ABOUT THIS TASK >>
Pictures are to be left out, and every entry repeated exactly.

Data records >>
[Start of section]
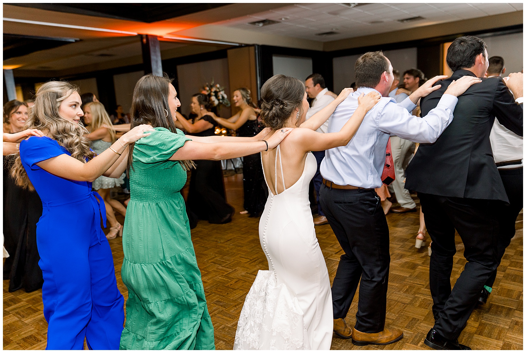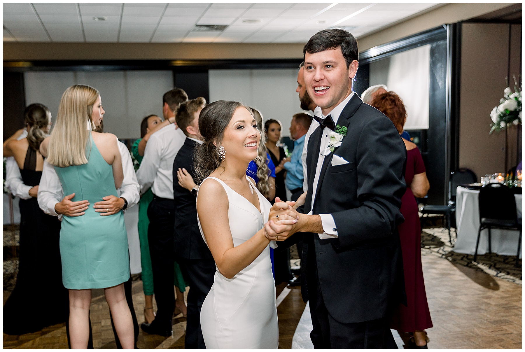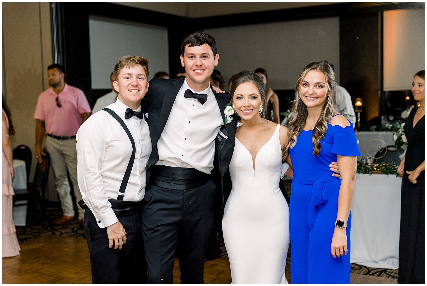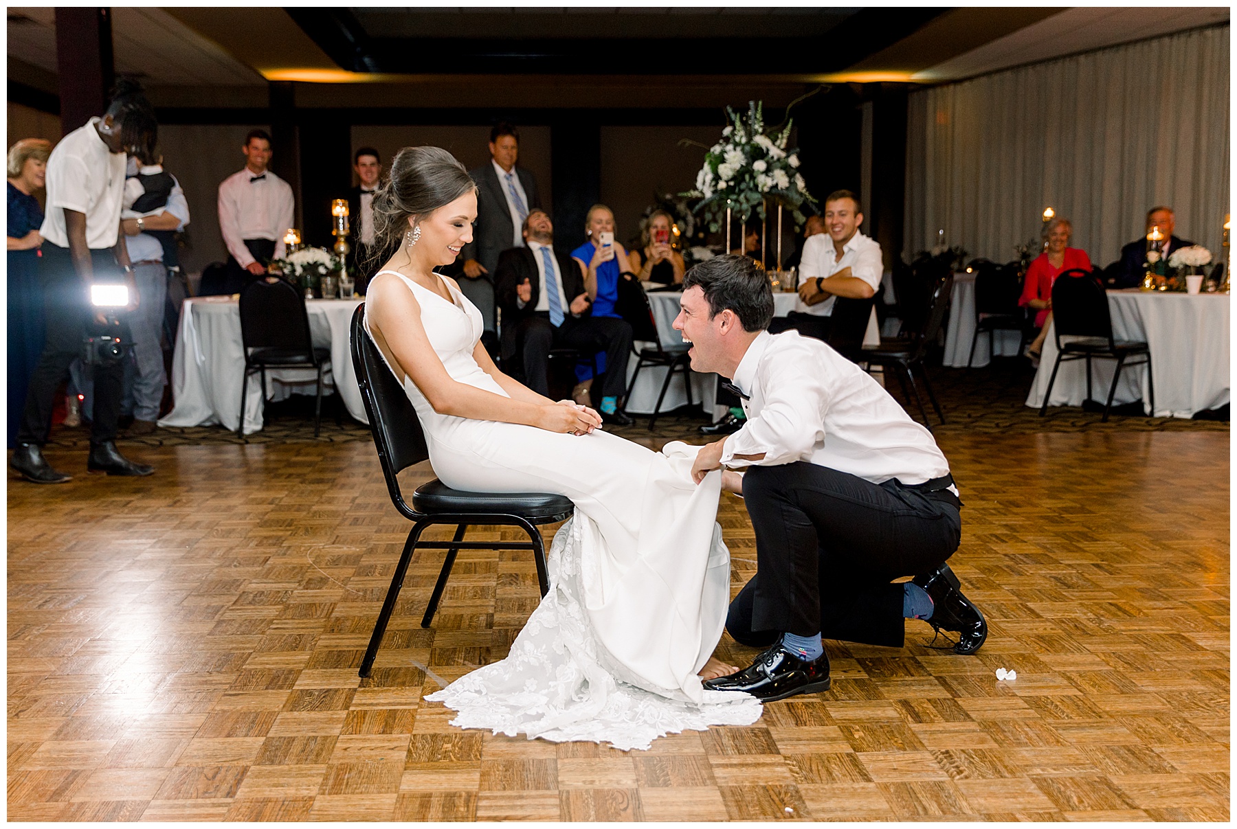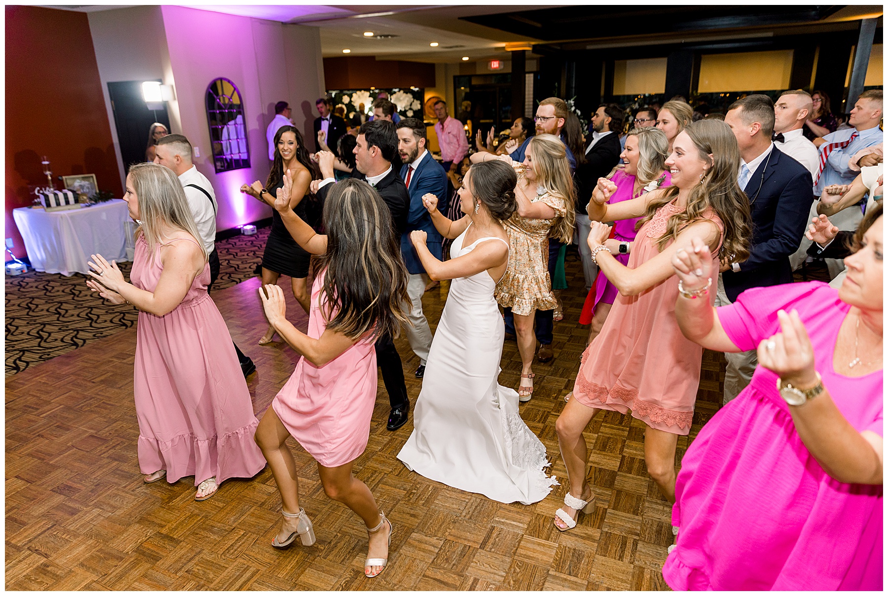 The reception kicked off with a bang – including Auston & her dad surprising everyone with a twist to their Father/Daughter dance including wearing sunglasses! It was too cute!! Lane Tree looked beautiful with all the florals by Wendy – and I especially loved the extra tables full of framed Engagement & Bridal Session photos. That’s a wonderful way to show off more of your photos and it gives your guests something to view as they walk around during cocktail hour! The big wow factor was not only the gorgeous head table, a massive tired cake with textured layers (and a little replica of Goose on the cake), and ALSO a Photo Booth area complete with a vintage couch, a boxwood wall, and a neon sign featuring “The Crooms”! So fun!!!
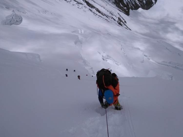 5月8日,因发现攀登路线上雪比较深,有流雪危险,测量登山队决定分两批撤回营地。
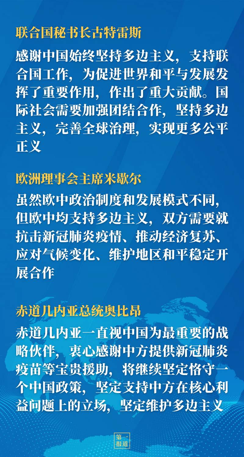 在同聯(lián)合國(guó)秘書(shū)長(zhǎng)古特雷斯、歐洲理事會(huì)主席米歇爾、巴基斯坦總理伊姆蘭·汗、巴布亞新幾內(nèi)亞總理馬拉佩、赤道幾內(nèi)亞總統(tǒng)奧比昂等國(guó)際和地區(qū)組織以及國(guó)家領(lǐng)導(dǎo)人的交流中,習(xí)近平主席都分別同各方就堅(jiān)持真正的多邊主義深入交流,獲得積極反饋——
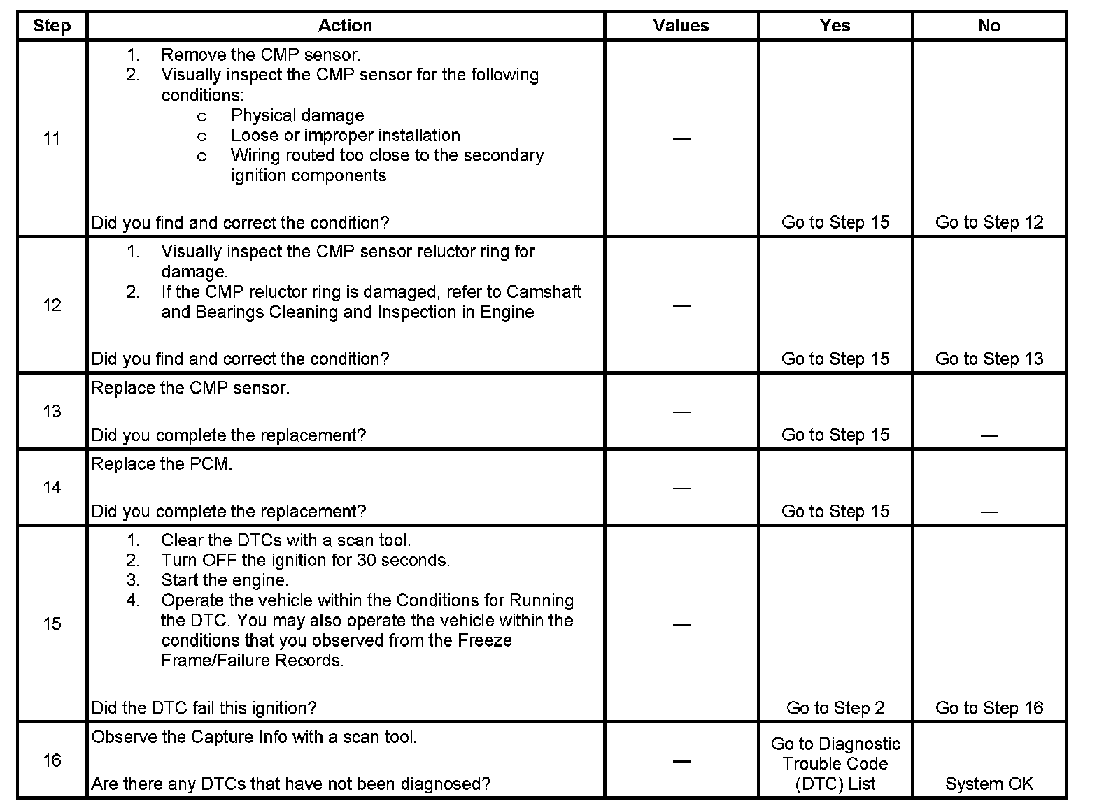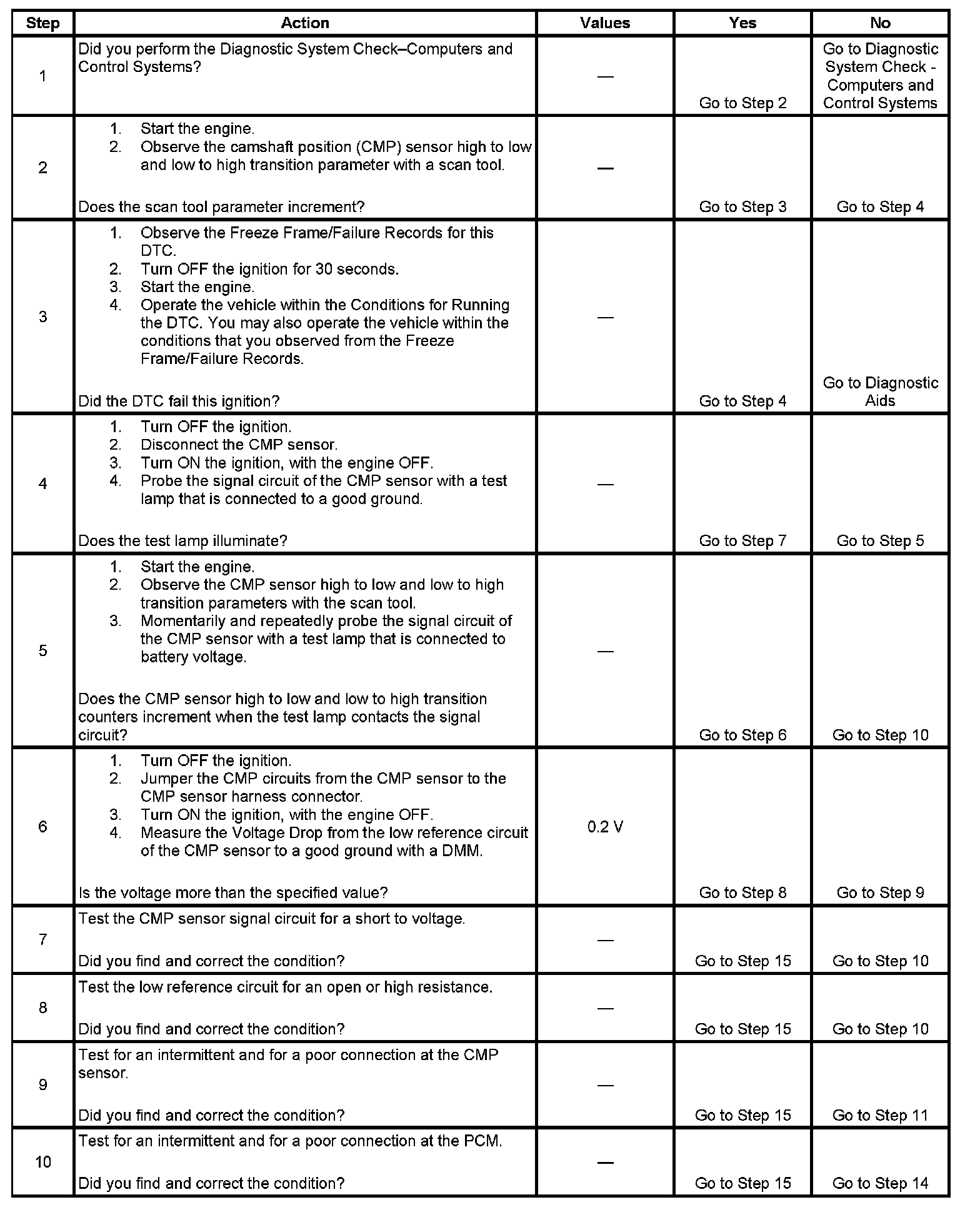 The CMP sensor 1 X signal is used by the PCM to determine if the cylinder at top dead center (TDC) is on the firing stroke or the exhaust stroke. The PCM can determine TDC for all cylinders by using the CKP sensor 24 X signal alone. The engine will start without a CMP signal as long as the PCM receives the CKP sensor 24 X signal. A slightly longer cranking time may be a symptom of this condition. The system attempts synchronization and looks for an increase in engine speed indicating that the engine started. If the PCM does not detect an increase in engine speed, the PCM assumes that the PCM incorrectly synchronized to the exhaust stroke and re-syncs to the opposite cam position. If the PCM detects that the CMP signal is constantly high, DTC P0343 sets.
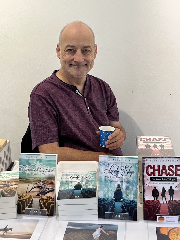 Thomas Dellenbusch ist ebenfalls sehr vielseitig tätig. Hier möchte ich erwähnen, dass er als Autor die spannende Serie „Chase“ geschrieben hat. Die komplette Trilogie hat er in einem Kopfkino-Sammelband angeboten. Aber natürlich hat er noch weitere Bücher geschrieben und mitgebracht. In seinem eigenen KopfKino-Verlag bringt er außerdem eine Anzahl Bücher verschiedener Autoren heraus, die den interessierten Besuchern angeboten wurden.
[End of section]
REPLY TO THE EXERCISE >>
 The reception kicked off with a bang – including Auston & her dad surprising everyone with a twist to their Father/Daughter dance including wearing sunglasses! It was too cute!! Lane Tree looked beautiful with all the florals by Wendy – and I especially loved the extra tables full of framed Engagement & Bridal Session photos. That’s a wonderful way to show off more of your photos and it gives your guests something to view as they walk around during cocktail hour! The big wow factor was not only the gorgeous head table, a massive tired cake with textured layers (and a little replica of Goose on the cake), and ALSO a Photo Booth area complete with a vintage couch, a boxwood wall, and a neon sign featuring “The Crooms”! So fun!!!
 5月8日,因发现攀登路线上雪比较深,有流雪危险,测量登山队决定分两批撤回营地。
 在同聯(lián)合國(guó)秘書(shū)長(zhǎng)古特雷斯、歐洲理事會(huì)主席米歇爾、巴基斯坦總理伊姆蘭·汗、巴布亞新幾內(nèi)亞總理馬拉佩、赤道幾內(nèi)亞總統(tǒng)奧比昂等國(guó)際和地區(qū)組織以及國(guó)家領(lǐng)導(dǎo)人的交流中,習(xí)近平主席都分別同各方就堅(jiān)持真正的多邊主義深入交流,獲得積極反饋——
 The CMP sensor 1 X signal is used by the PCM to determine if the cylinder at top dead center (TDC) is on the firing stroke or the exhaust stroke. The PCM can determine TDC for all cylinders by using the CKP sensor 24 X signal alone. The engine will start without a CMP signal as long as the PCM receives the CKP sensor 24 X signal. A slightly longer cranking time may be a symptom of this condition. The system attempts synchronization and looks for an increase in engine speed indicating that the engine started. If the PCM does not detect an increase in engine speed, the PCM assumes that the PCM incorrectly synchronized to the exhaust stroke and re-syncs to the opposite cam position. If the PCM detects that the CMP signal is constantly high, DTC P0343 sets.
 Thomas Dellenbusch ist ebenfalls sehr vielseitig tätig. Hier möchte ich erwähnen, dass er als Autor die spannende Serie „Chase“ geschrieben hat. Die komplette Trilogie hat er in einem Kopfkino-Sammelband angeboten. Aber natürlich hat er noch weitere Bücher geschrieben und mitgebracht. In seinem eigenen KopfKino-Verlag bringt er außerdem eine Anzahl Bücher verschiedener Autoren heraus, die den interessierten Besuchern angeboten wurden.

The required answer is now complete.